This essay is an attempt to answer one question: what would it actually take to shape AI's future toward the good outcome? BlueDot Impact's AGI Strategy cohort assigned nine readings to that question. Taken together, they are not a debate so much as a set of partial answers to the same problem. I'll work through six constraints, in order.

§01The prize

Start with what makes the question worth asking. 'Machines of Loving Grace' is the most expansive, carefully-argued optimistic vision any frontier lab author has published. Its central claim is if alignment is solved, powerful AI compresses decades of progress in biology, mental health, economic development, and geopolitics into a much shorter window. Not 'AI will be useful' — that's already true — but something structurally different: a 'country of geniuses in a datacenter,' running, in his projection, at ten to a hundred times human speed, taking on the problems that have resisted human intelligence for generations.
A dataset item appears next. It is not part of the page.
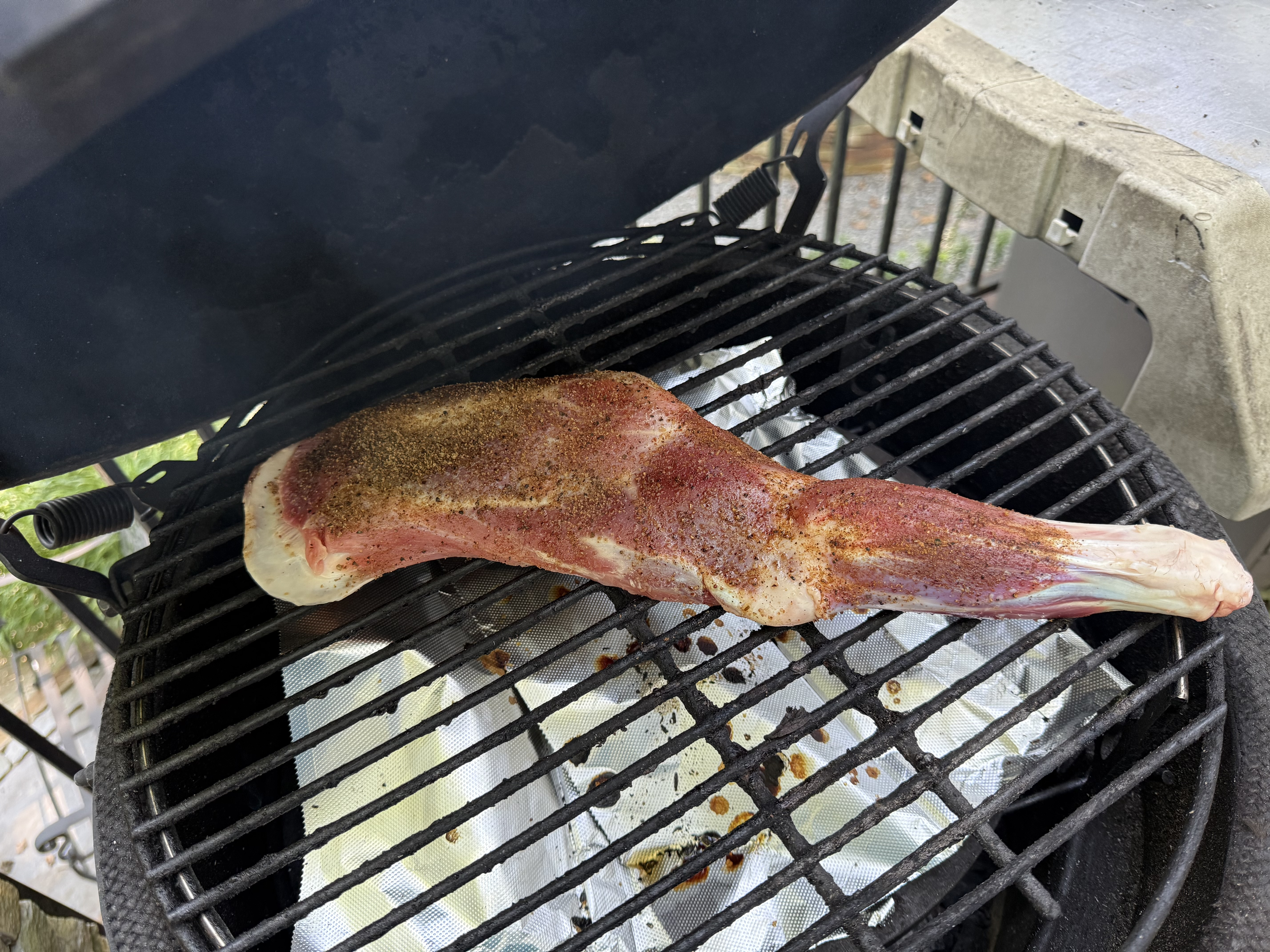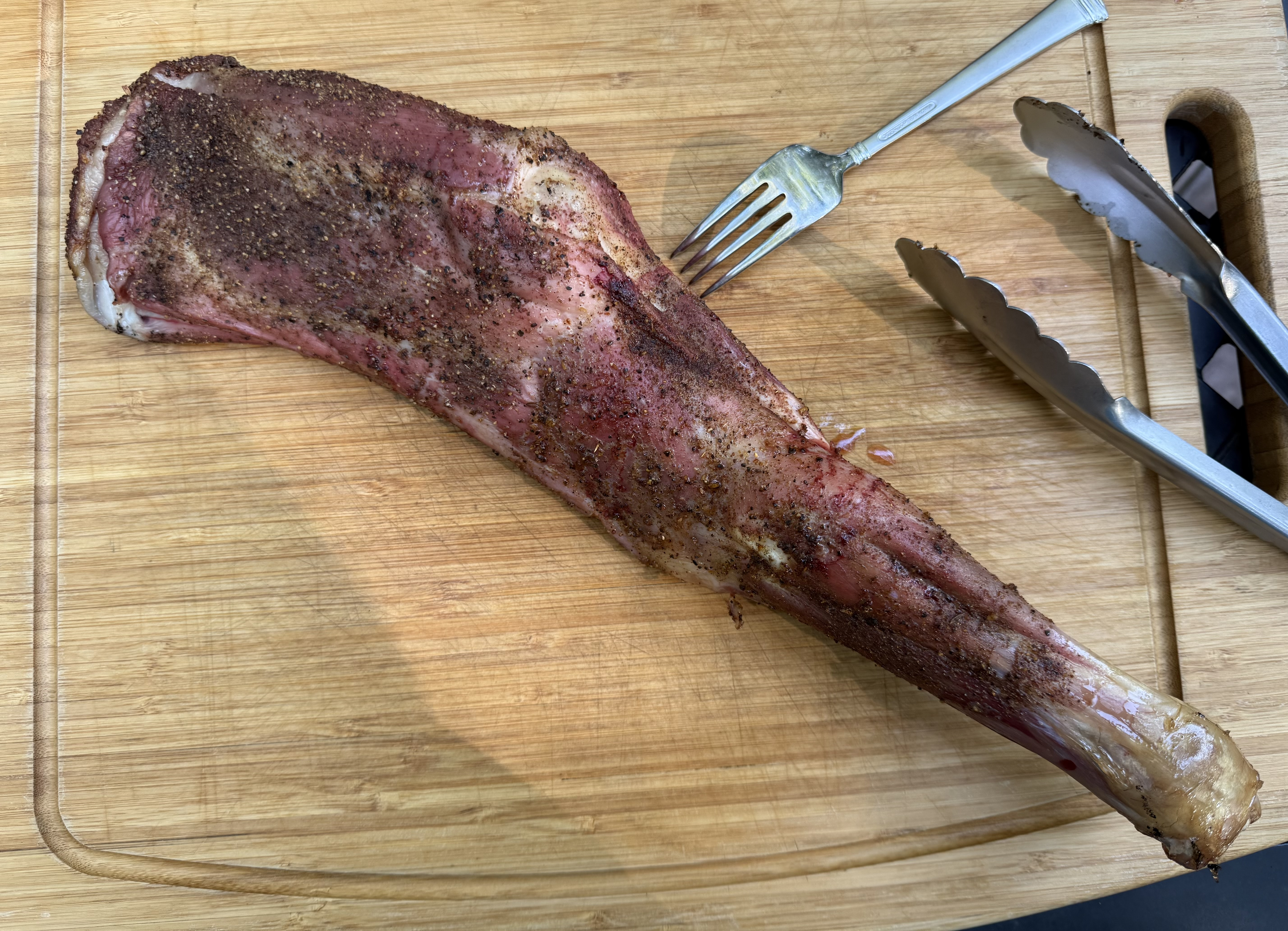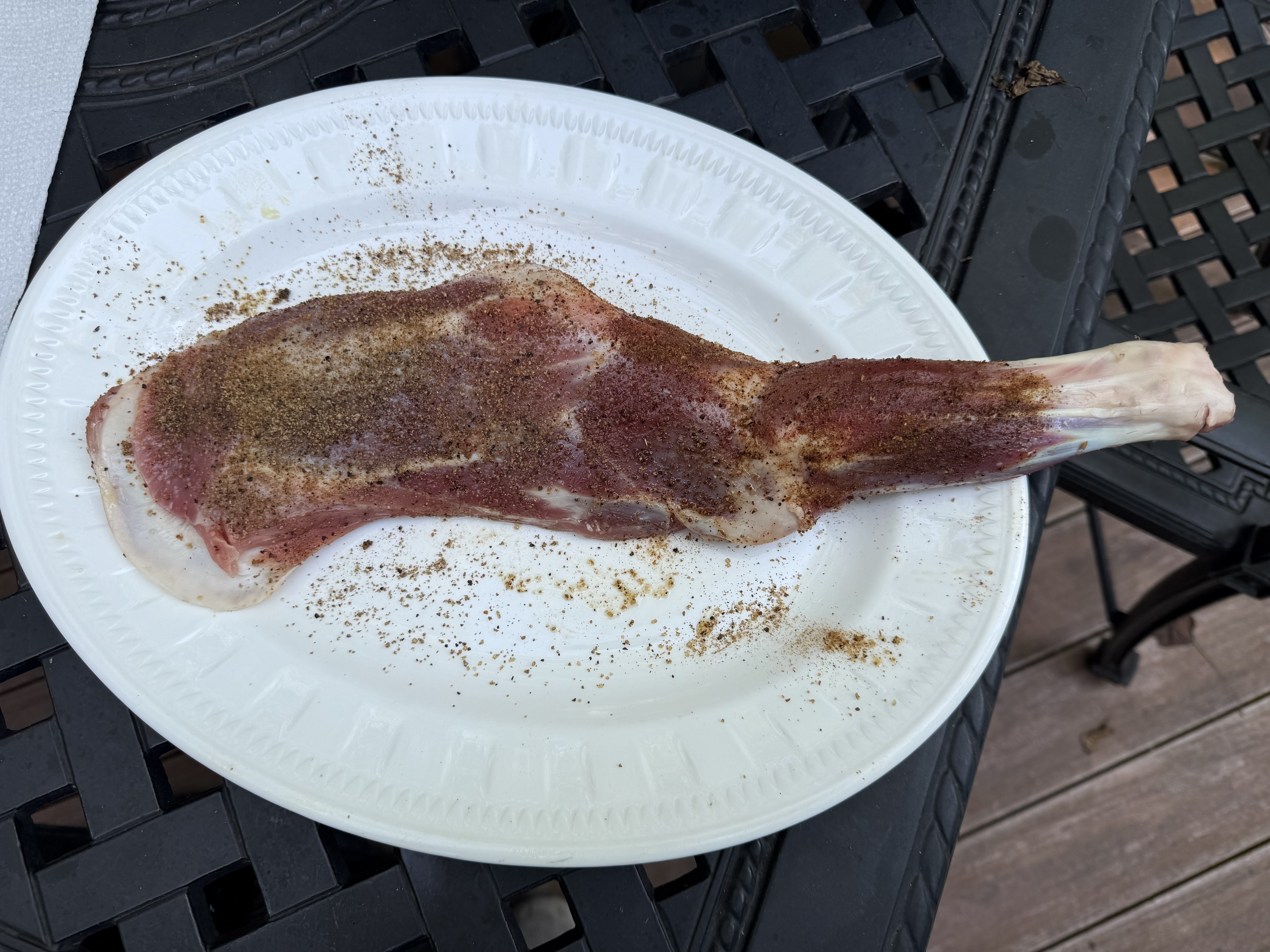 My wife is out of town this weekend, so I cooked up a whole right front leg of lamb. I rubbed half with DP red eye express and the other half with hardcore carnivore camo. This lamb was born back in early March and was growing much, much slower than the others, so we slaughtered it about a month ago.

The framework Amodei uses to make this claim is a useful analytical tool. He calls it marginal returns to intelligence: for any task, ask how much faster it would go with vastly more intelligence, holding everything else constant. The answer varies wildly by domain. Writing code is highly intelligence-bottlenecked since almost all the constraints are cognitive, and better reasoning produces better code almost directly. Drug discovery is intelligence-bottlenecked in its early stages (hypothesis generation, target identification, experimental design) but time-bottlenecked in its later stages, where Phase I, II, and III trials run on human biology that cannot exactly be parallelised beyond the population that is willing to participate. Building democratic institutions is barely intelligence-bottlenecked at all. We know quite well what good institutions look like, so the bottleneck is political will, historical contingency, and coordination problems that accumulate over decades.

This distinction — between intelligence bottlenecks and everything else — is a good tool for evaluating the grand claims. 'AI will transform biology' needs to be evaluated differently from 'AI will transform geopolitics,' because biology and geopolitics are differently bottlenecked. 'AI will double human lifespan' hits the clinical-trial constraint, since no amount of intelligence shortens the time it takes to run a ten-year longevity trial, because the biology is the experiment and it runs in real time.22. Amodei acknowledges the experiment-time and clinical-trial constraints and then claims 10x compression in 5–10 years anyway, via massive parallelism.

~/shubzsharma.com/five.py
0%← fraction of bottleneck →100%
Drug discovery
Mental health
Economic development
Geopolitics
Work & meaning
intelligence
time / experiment
regulatory / political
social / cultural
structural / historical
physical / other
Hover a domain to see how much of its progress is intelligence-bottlenecked versus constrained by time, regulatory systems, or social dynamics.
Five domains of AI impact, broken down by bottleneck type. The blue fraction is where more intelligence would directly accelerate progress. The remainder — experiment time, regulatory systems, social dynamics, political structures — is less intelligence-sensitive. Hover to read the detail for each domain.

The diagram is a way of taking the vision seriously enough to ask which parts of it are actually delivered by more intelligence and which parts require different inputs entirely. Drug discovery and mental health are heavily intelligence-bottlenecked in their early stages — real wins, real acceleration. Economic development and geopolitics are mostly not. The honest version of the prize is domain-specific: powerful AI delivers a lot in some areas and little in others, depending on what is actually in the way. The prize is real. Now the question is what stands between here and there.

§02The structural obstacle

The first thing standing between here and the prize is a fact about markets: pure commercial incentives cannot produce a net good AI outcome. IFP names it explicitly — beneficial AI applications are undersupplied by markets. Defensive technologies receive roughly 2% of AI research investment and about $100 million a year globally. The other readings imply it: Toner supports transparency regimes and third-party audits that markets don't generate; RAND assumes state-level coordination as its baseline; Amodei treats market forces as background to be steered from outside. Even the most market-friendly voice in the unit closes his essay by calling for collective decisions about 'broad bounds' — admitting, without quite naming it, that the market won't set them.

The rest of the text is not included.